I continually see comments on this forum about sectional density being some kind of a predictor of terminal bullet performance. Such as a 140g 6.5 bullet providing better penetration than a 140g .277 bullet, and therefore being superior on big game. As the SD is no more than weight divided by the square of the diameter, I can grasp how a non-deforming solid of minimally higher SD would out-penetrate a bullet with a lesser SD...in theory. But since the vast majority of hunting appropriate bullets expand in a manner much more determined by what they hit than what they looked like getting there, how can small differences in SD even be quantified in terms of actual penetration? Seems to me the unpredictable differences in expanded diameter when contacting hide/meat/bone, especially when squared, instantly obviate any theoretical advantage the higher SD bullet might have had. Sure, I can see how a doubling of SD would predict better penetration, all other things being equal, but a few ticks three places to the right of the decimal point? Has anyone demonstrated - in a repeatable manner - that slight increases in SD, with equal expanding bullets, equate to more penetration IN something? At a given velocity and bullet construction, I'd guess bullet weight means more to penetration than SD.

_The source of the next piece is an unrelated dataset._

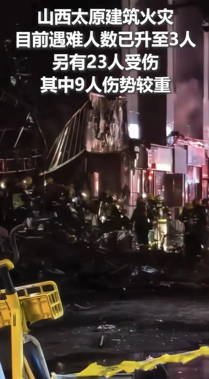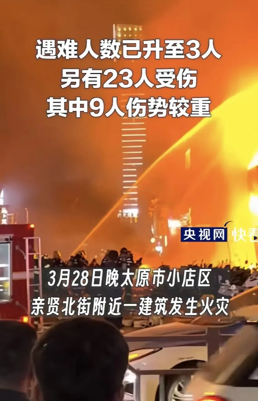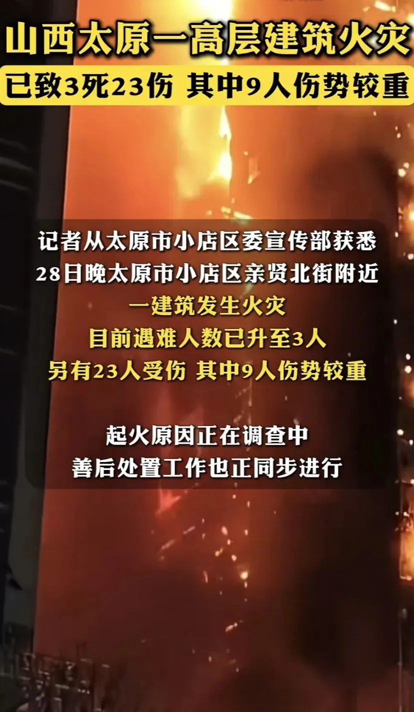 2026年3月28日晚8时许,山西太原小店区亲贤北街核心商圈,一栋集餐饮、酒店、娱乐于一体的高层商住混合建筑突发大火。火势沿外墙极速蔓延,火光冲天、浓烟蔽空,将周末繁华商圈瞬间变为灾难现场。截至3月29日上午,事故已造成3人死亡、23人受伤(9人重伤),明火已扑灭,原因调查与善后处置全面展开。

You can't look at sectional density and say purely from this that one specific expanding bullet will penetrate more than another. Even in the same product line (eg Nosler Ballistic Tip, Sierra Gameking, etc) bullets of different weight or caliber can have big differences in their construction. If everything is equal then higher SD equalling more penetration is true in theory, but everything being equal is rare.
People also forget that SD changes as soon as your bullet hits something. A 180 gr .308" bullet has twice the SD of a Brenneke slug. But as soon as that bullet expands and sheds weight, that SD could be reduced to one-sixth of the original value. How does it compare to the Brenneke slug then?
One advantage SD gives every time is in helping out with the ballistic coefficient, a good one which consists of two things working together: the SD and the shape.